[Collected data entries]
□ □ □ □ □ □ □
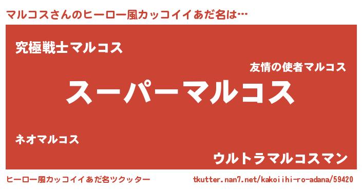 | 男性向けラノベタイトル風あだ名 | 『マルコスアートオンライン』 |
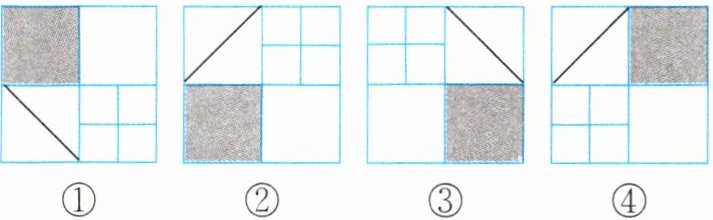 (5)如图,把一张正方形纸对折两次,并剪去一个小正方形,打开后是( )。
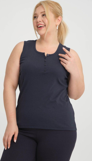 Büyük Beden Kolsuz Kalın Askılı Pamuk Penye Bisklet Yaka Lacivert Bluz Atlet
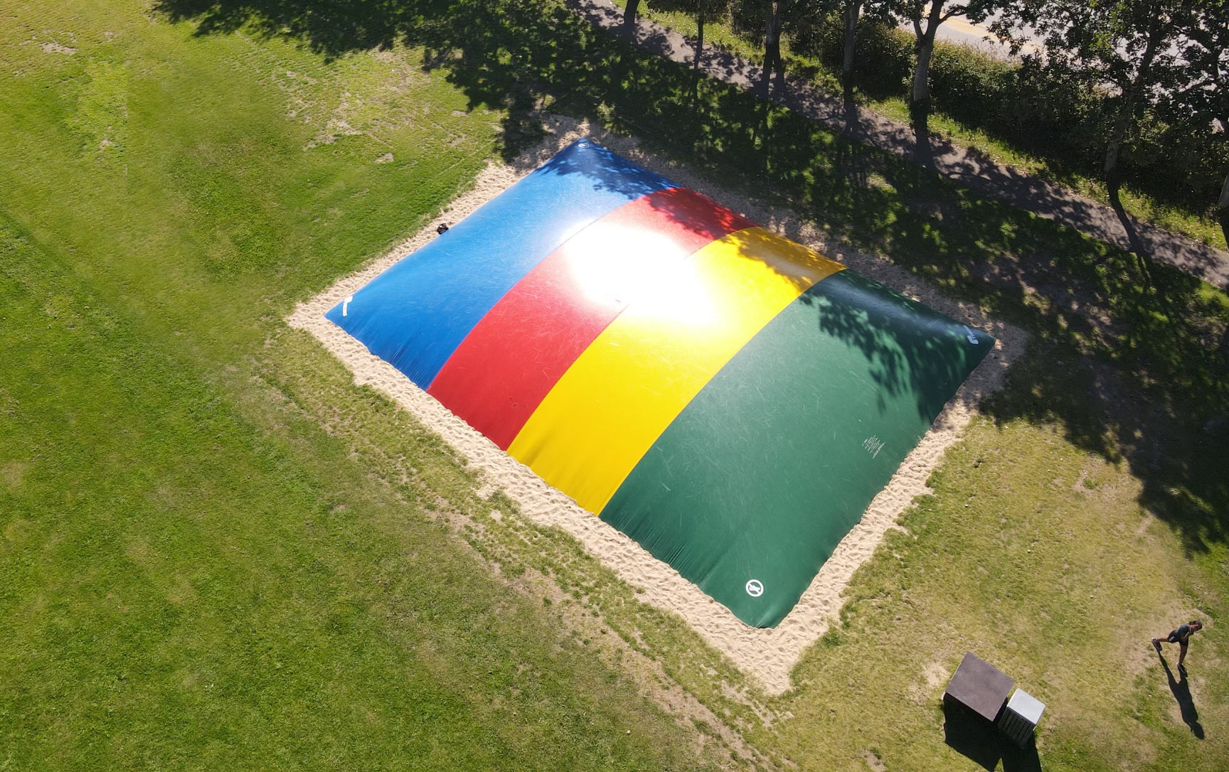Hoppepuden har med sine 15x12 meter en stor springflade, der giver plads til mange børn på samme tid.
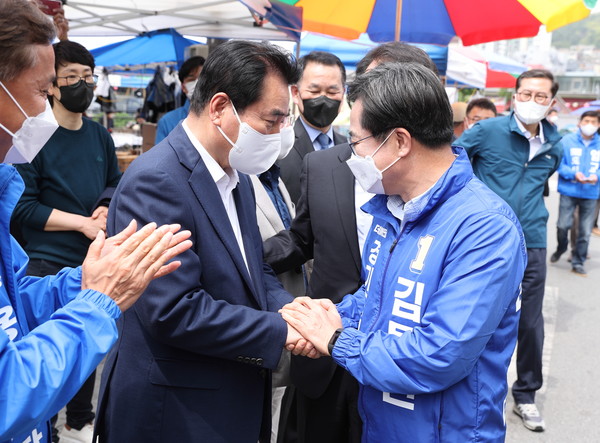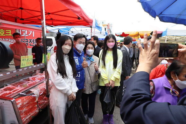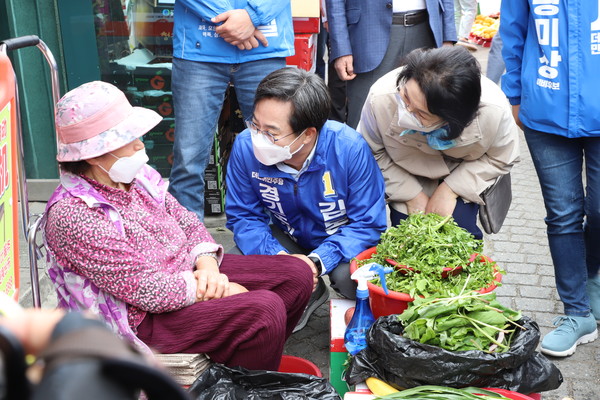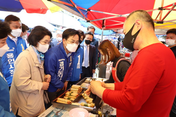 [경인신문=김신근 기자] 김동연 더불어민주당 경기도지사 예비후보가 25일 장날을 맞은 용인시 처인구 중앙시장을 찾았다.
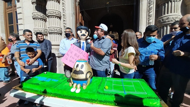 Festejando el final de la administración de Corral Jurado, los transportistas llevaron un pastel en forma de cancha de tenis y con un huevo dorado con bigotes; asemejándo al mandatario de Chihuahua jugando este deporte.
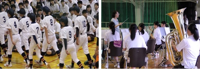 校長先生からの激励の言葉 野球部による応援
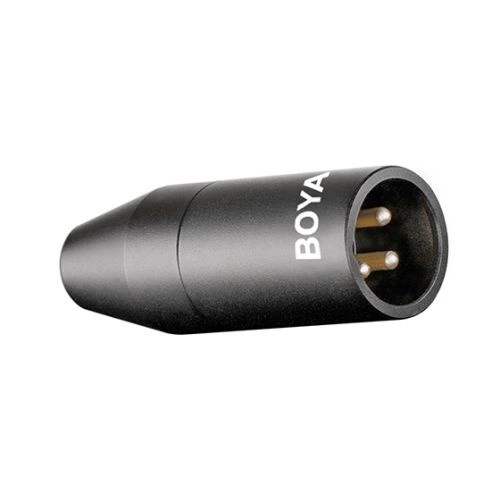 BOYA 35C-XLR to adapter z wejścia 3,5 mm mini jack (TRS) do wyjścia XLR męski. Pozwala na podłączenie mikrofonu z wyjściem mini jack do profesjonalnego miksera, kamery lub innego urządzenia z wejściem XLR.
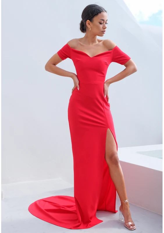 Shani - Wieczorowa sukienka maxi na ramiączkach Bordowa
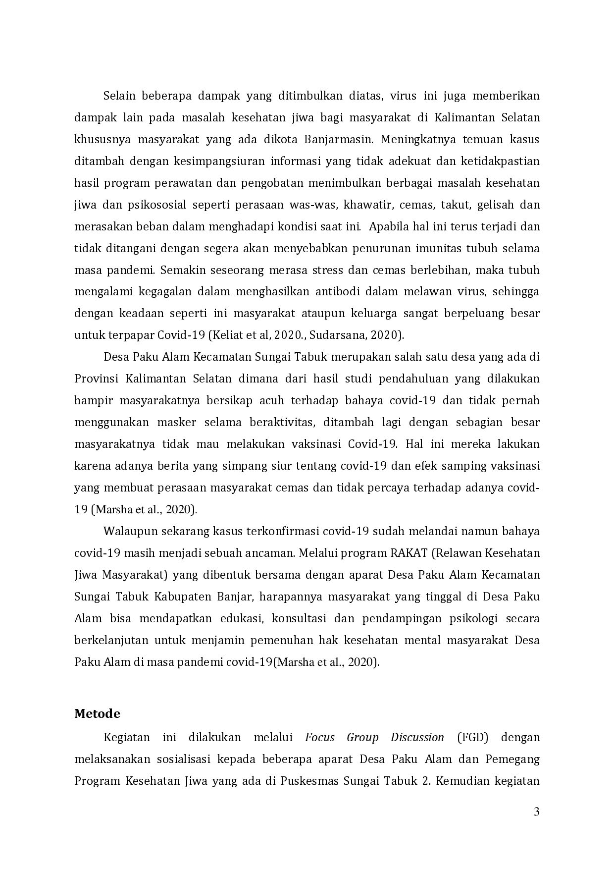 Perawat Mengabdi (Jurnal Pengabdian Kepada Masyarakat)Perawat Mengabdi (Jurnal Pengabdian Kepada Masyarakat)Banyak kasus terkonfirmasi covid-19 di wilayah Provinsi Kalimantan Selatan membuat pemerintahan pemberlakukan social distancing dan physical distancing (PKKM Level 4). Semua aktivitas seperti bekerja, belajar, ibadah sehingga sekolah dilakukan secara online. Hal tersebut sangat menimbulkan berbagai macam dampak yang merugikan, seperti halnya permasalahan kesehatan jiwa. Meningkatnya temuan kasus yang terkonfirmasi positif covid-19 ditambah dengan adanya kesimpangsiuran informasi yang tidak adekuat serta ketidakpastian hasil program perawatan dan pengobatan menyebabkan masyarakat memiliki perasaan was-was, khawatir, cemas, takut, gelisah dan merasakan beban dalam menghadapi kondisi saat ini. Apabila hal ini terus terjadi dan tidak ditangani dengan cara yang tepat dan cepat akan menyebabkan penurunan imunitas fisik dan jiwa selama masa pandemi. Kondisi seperti ini membuat masyarakat harus mencari solusi untuk mengatasi masalah yang dialami. Metode yang digunakan dengan pendekatan Focus Group Discussion (FGD), sosialisasi program Rakat Jiwa, pemilihan Relawan Kesehatan Jiwa, penjelasan tugas dan peran relawan Keswa melalui pelatihan yang diberikan oleh tim Kesehatan Jiwa. Hasil dari kegiatan ini terbentuknya relawan kesehatan jiwa yang peduli dan tanggap terhadap permasalahan kesehatan jiwa yang ada di wilayah desanya. Kesimpulan dari kegiatan ini berhasil memberikan dampak positif dalam hal peningkatan pengetahuan relawan tentang kesehatan jiwa dan penanganan stress selama masa pandemi Covid-19.
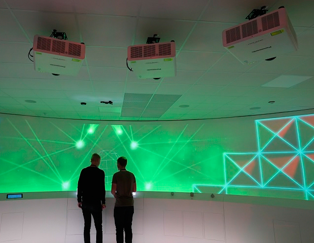 常设展览用途 15 投影仪和 3 的屏幕 55 距离松下几英寸, 入口处安装了四台PT-RW630 DLP激光投影仪. 它还设有一个互动区,展示音乐流派的舞蹈文化。, 并使用运动控制,以便参观者可以尝试将自己的轮廓投射到面前的屏幕上.
□ □ □ □ □ □ □
Work to be completed:
Once the line with "[경인신문=김신근 기자] 김동연" is found above, transcribe each line from it through the line with "Shani - Wieczorowa", exactly, and omit the pictures.

Your response:
 [경인신문=김신근 기자] 김동연 더불어민주당 경기도지사 예비후보가 25일 장날을 맞은 용인시 처인구 중앙시장을 찾았다.
 Festejando el final de la administración de Corral Jurado, los transportistas llevaron un pastel en forma de cancha de tenis y con un huevo dorado con bigotes; asemejándo al mandatario de Chihuahua jugando este deporte.
 校長先生からの激励の言葉 野球部による応援
 BOYA 35C-XLR to adapter z wejścia 3,5 mm mini jack (TRS) do wyjścia XLR męski. Pozwala na podłączenie mikrofonu z wyjściem mini jack do profesjonalnego miksera, kamery lub innego urządzenia z wejściem XLR.
 Shani - Wieczorowa sukienka maxi na ramiączkach Bordowa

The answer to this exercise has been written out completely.